As the ad market for online changes, the pay one too is changing, the third reason why revenues are growing. Kesavan Kanchi Kandadai, CEO, Tangerine Digital, says, "In India, digital has been driven by the VAS (value-added services) market." He is right. For too long, telecom companies had a vice-like grip on the Rs 25,000 crore that users paid to download ringtones et al. Telcos keep 70-80 per cent of this money, leaving content producers and aggregators to share the rest. As profit margins come under pressure, both content companies (say T-Series or Star TV) and aggregators (Hungama or Zenga TV) have tried to create models that bypass the mobile operator and bring revenues back to them. The Rs 150-crore Zenga, a mobile TV operator that offers more than 100 channels such as Aaj Tak, DD News and others, is a profitable ad-supported venture. Hungama, which started as an aggregator, calls itself a publishing, development and distribution company for digital content. Saavn and Gaana.com have now become the de facto music sites for most Indians. YouTube claims to offer content companies the lion's share of revenues from advertising. Others offer their content to device manufacturers for a fixed fee to be embedded into tablets or phones. These alternate models ensure that pay revenues are spread more evenly with content makers and aggregators. This, in turn, incentivises them to create content meant for digital instead of treating it as an addendum to their main business.

This has meant changes in the ecosystem of the Rs 83,000-crore media and entertainment business. Hegde reckons that the global struggle between own versus aggregator platform is now beginning to play out in India. For instance, Zee, which was so far doing its own digital number, recently came on YouTube. T-Series too fought YouTube for a long time before joining in.

It is an indicator that marrying professional content creating capacity to an aggregators' ability to get audiences creates a winning formula. Netflix, for instance, spent $100 million on a new season of House of Cards, which was aired online earlier this year. In India, too, aggregators are moving slowly but surely towards becoming media companies themselves. Zenga, for instance, is now generating enough cash to commission its own shows meant only for the mobile phone and web. It hopes that a mainstream broadcaster will buy these. Humaramovie has already kick-started the production of one film and will do more to get a bigger topline. The middlemen or aggregators are now aspiring to become 'digital media brands' or 'new media companies', as Neeraj Roy, CEO, Hungama Digital Media, puts it.

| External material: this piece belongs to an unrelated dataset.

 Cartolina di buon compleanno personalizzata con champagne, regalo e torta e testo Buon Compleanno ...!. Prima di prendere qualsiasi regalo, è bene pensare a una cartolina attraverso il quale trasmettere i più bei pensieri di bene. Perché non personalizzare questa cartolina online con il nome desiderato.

The big issues with this growth are strangely enough the same as those with the other media. One is metrics. "Consumers are combining social media to the old media like television. But in India, there is no way to analyse the effectiveness of advertising across media," says Alok Mittal, managing director, Canaan Partners.

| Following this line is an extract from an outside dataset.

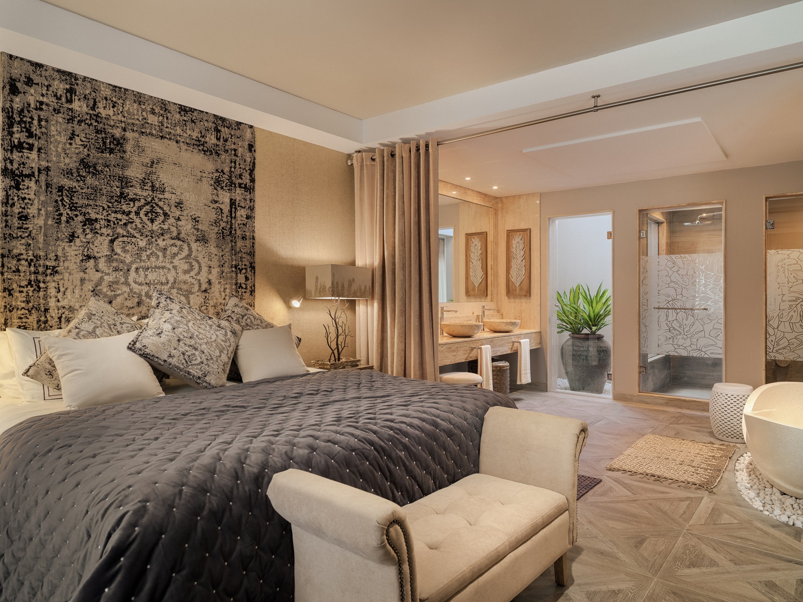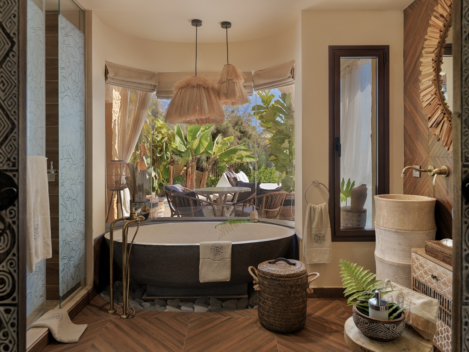 toutes les villas de luxe avec un intérieur moderne et élégant disposent d'une salle de bains avec bain et douche séparée, sèche-cheveux, sorties de bain et pantoufles, climatisation, TV à écran plat, minibar (€), appareil Nespresso®, fer et planche à repasser, coffre-fort et terrasse. Selon la catégorie choisie (River Villa, Pool Villa, Grand Pool Villa ou Lagoon Villa), les villas sont reliées à une rivière, situées au bord d’un ‘lac africain’ ou avec piscine privée

Two, it is usual for advertisers to delay payments. However, unlike the Indian Broadcasting Federation or the Indian Newspaper Society, there is no industry body that stands up for digital media if advertisers do not pay on time. "No one messes with Google, Yahoo! and Microsoft and the IAMAI (Internet and Mobile Association of India) is toothless," says Nikhil Pahwa, founder and editor, medianama.com.

"While content is being consumed in Indian languages, lack of interface at both hardware and software levels does create an impediment for a large non-English-speaking population to adequately utilise video services including YouTube," says Sharma.

As the net becomes a mainstream media for entertainment, a la TV or radio, get ready to hear of more of what you do from those industries.